The notebook will examine only the positive and negative sentiments for each first 100 tweets for each app.

But first let's start with loading the libraries:

In [1]:
library(ggplot2)
library(Amelia)
library(dplyr)
library(rjson)
library(twitteR)
library(syuzhet)

set.seed(42)

Loading required package: Rcpp
## 
## Amelia II: Multiple Imputation
## (Version 1.7.4, built: 2015-12-05)
## Copyright (C) 2005-2018 James Honaker, Gary King and Matthew Blackwell
## Refer to http://gking.harvard.edu/amelia/ for more information
## 

Attaching package: ‘dplyr’

The following objects are masked from ‘package:stats’:

    filter, lag

The following objects are masked from ‘package:base’:

    intersect, setdiff, setequal, union


Attaching package: ‘twitteR’

The following objects are masked from ‘package:dplyr’:

    id, location



## 1. Loading and preprocessing the data.

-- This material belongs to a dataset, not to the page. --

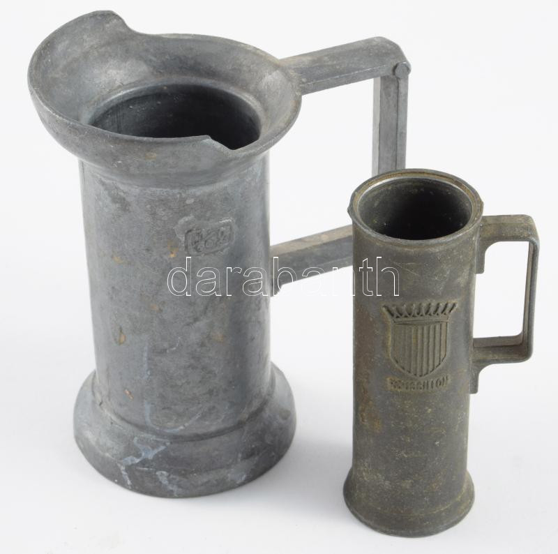 Leírás: 2 darab ón mérce edény, m: 7-9 cm

### 1.1 Loading the dataset.

In [2]:
df <- data.frame(read.csv('data/googleplaystore.csv'))

In [3]:
# Displaying the head
head(df)

App,Category,Rating,Reviews,Size,Installs,Type,Price,Content.Rating,Genres,Last.Updated,Current.Ver,Android.Ver
Photo Editor & Candy Camera & Grid & ScrapBook,ART_AND_DESIGN,4.1,159,19M,"10,000+",Free,0,Everyone,Art & Design,"January 7, 2018",1.0.0,4.0.3 and up
Coloring book moana,ART_AND_DESIGN,3.9,967,14M,"500,000+",Free,0,Everyone,Art & Design;Pretend Play,"January 15, 2018",2.0.0,4.0.3 and up
"U Launcher Lite – FREE Live Cool Themes, Hide Apps",ART_AND_DESIGN,4.7,87510,8.7M,"5,000,000+",Free,0,Everyone,Art & Design,"August 1, 2018",1.2.4,4.0.3 and up
Sketch - Draw & Paint,ART_AND_DESIGN,4.5,215644,25M,"50,000,000+",Free,0,Teen,Art & Design,"June 8, 2018",Varies with device,4.2 and up
Pixel Draw - Number Art Coloring Book,ART_AND_DESIGN,4.3,967,2.8M,"100,000+",Free,0,Everyone,Art & Design;Creativity,"June 20, 2018",1.1,4.4 and up
Paper flowers instructions,ART_AND_DESIGN,4.4,167,5.6M,"50,000+",Free,0,Everyone,Art & Design,"March 26, 2017",1.0,2.3 and up


### 1.2 Configuring the twitter connection

In [4]:
twitterCreds <- fromJSON(file = "data/twitter_access.json")

In [5]:
setup_twitter_oauth(twitterCreds$consumer_key, 
                    twitterCreds$consumer_secret, 
                    access_token=twitterCreds$access_token, 
                    access_secret=twitterCreds$access_token_secret)

[1] "Using direct authentication"


In [6]:
# code snippets to remind me how its done.
# soccer.tweets <- searchTwitter("soccer", n=2000, lang="en")
# soccer.tweets.df <- twListToDF(soccer.tweets)
# get_nrc_sentiment(soccer.tweets.df$text)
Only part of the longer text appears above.